Sen. Gary Peters, D-Mich., speaks during a Senate Homeland Security and Governmental Affairs Committee hearing on March 25, 2021 on Capitol Hill in Washington, D.C. (Photo by Astrid Riecken/Getty Images)

New legislation from a bipartisan pair of senators would create an interagency committee tasked with streamlining the country’s patchwork system of cybersecurity regulations if signed into law.

The Streamlining Federal Cybersecurity Regulations Act from Sens. Gary Peters, D-Mich., and James Lankford, R-Okla., calls on the White House’s national cyber director to create a committee that would harmonize the myriad cyber requirements imposed on companies by federal regulatory agencies, according to bill text shared with CyberScoop.

The introduction of the bill comes a month after a Senate hearing in which Nicholas Leiserson, the assistant national cyber director for cyber policy and programs, warned lawmakers of increasing “fragmentation” of cybersecurity regulations. “It is a problem that requires leadership from ONCD and Congress informed by the private sector,” he said.

Peters and Lankford both acknowledged the problem during the hearing, with the Michigan Democrat teasing the bill’s release — a draft copy of which was previously obtained by The Record — and the Oklahoma Republican railing against rulemaking from independent agencies.


“There are independent agencies that feel like they’re independent from everybody.
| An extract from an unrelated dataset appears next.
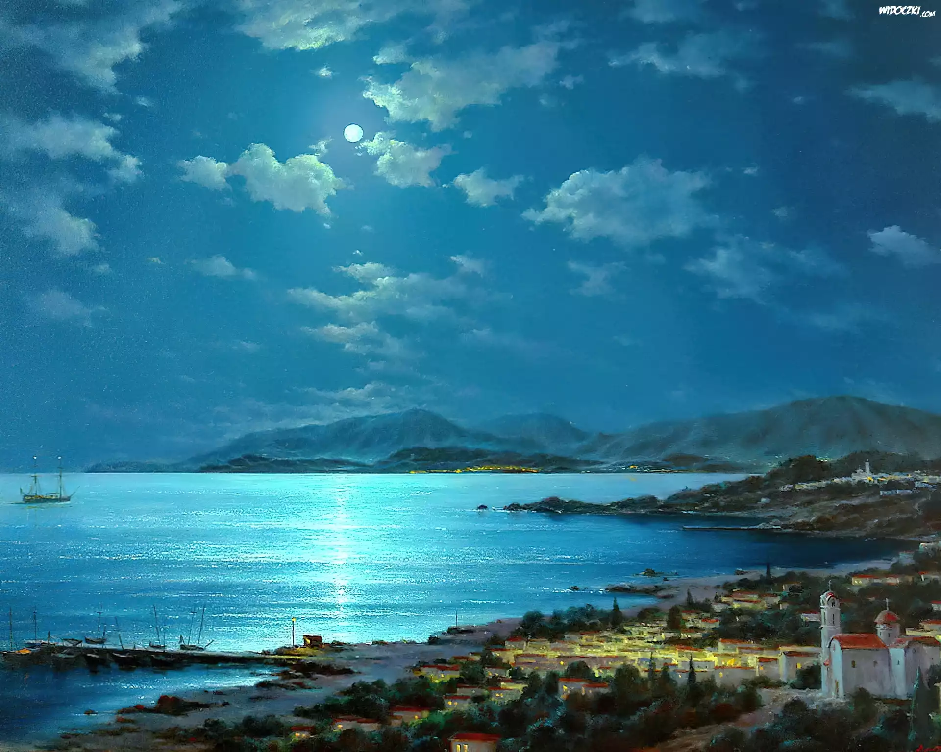 Zdjęcia, Morze, Góry, Noc, Miasteczko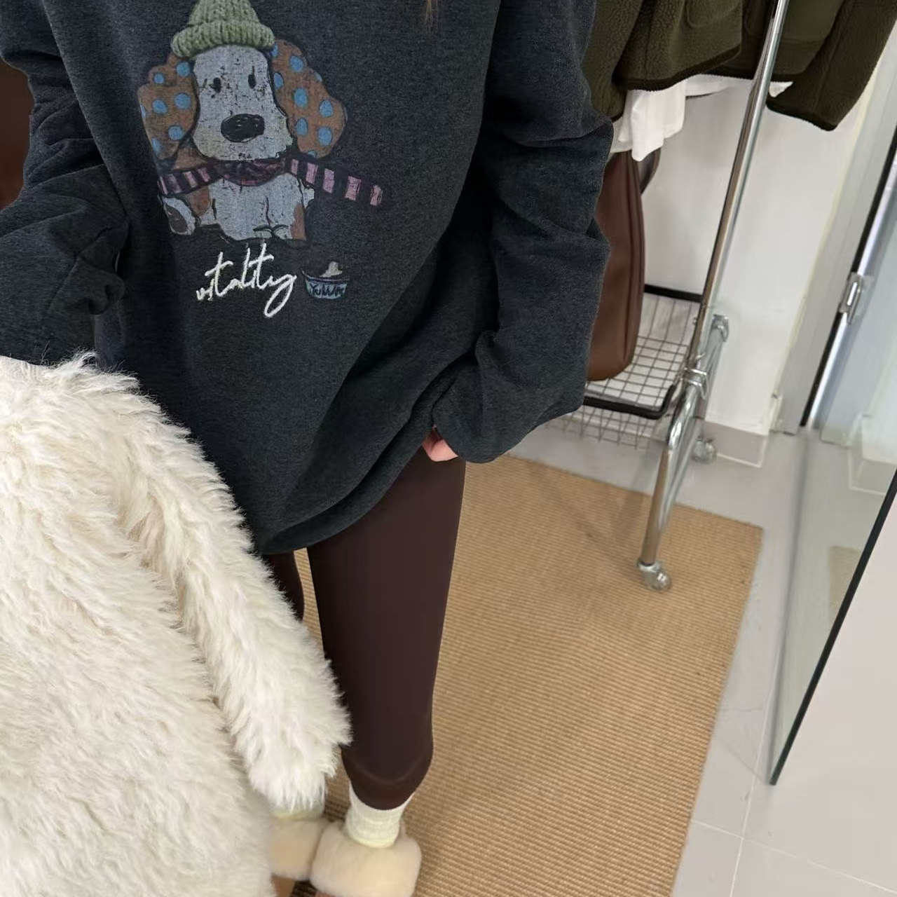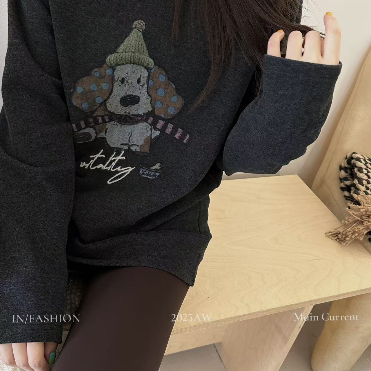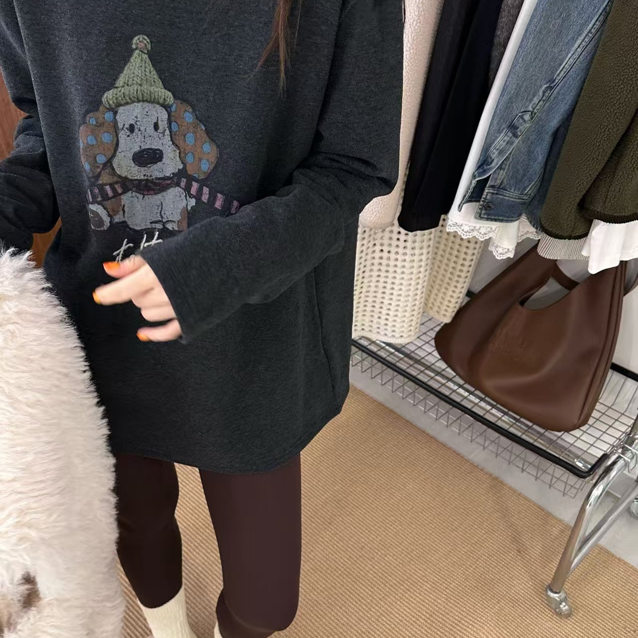 磨毛德绒加厚保暖长棉绒卡通印花打底衫 深灰色磨毛长袖 T恤女冬季

They’re not independent from everybody,” Lankford said at the time. “There’s still some boundaries that need to be there when they’re creating new regs, that they’re not a completely independent fourth branch of government.”

The lawmakers’ bill addresses many of the concerns raised during June’s hearing. The committee would be responsible for identifying “overly burdensome, inconsistent, or contradictory” cybersecurity requirements and recommending updates to them, while establishing minimum standards and reciprocity among agencies. 

The committee would include the national cyber director, the chief of the Office of Management and Budget’s Office of Information and Regulatory Affairs, the heads of each federal regulatory agency and other government leaders  determined by the chair. 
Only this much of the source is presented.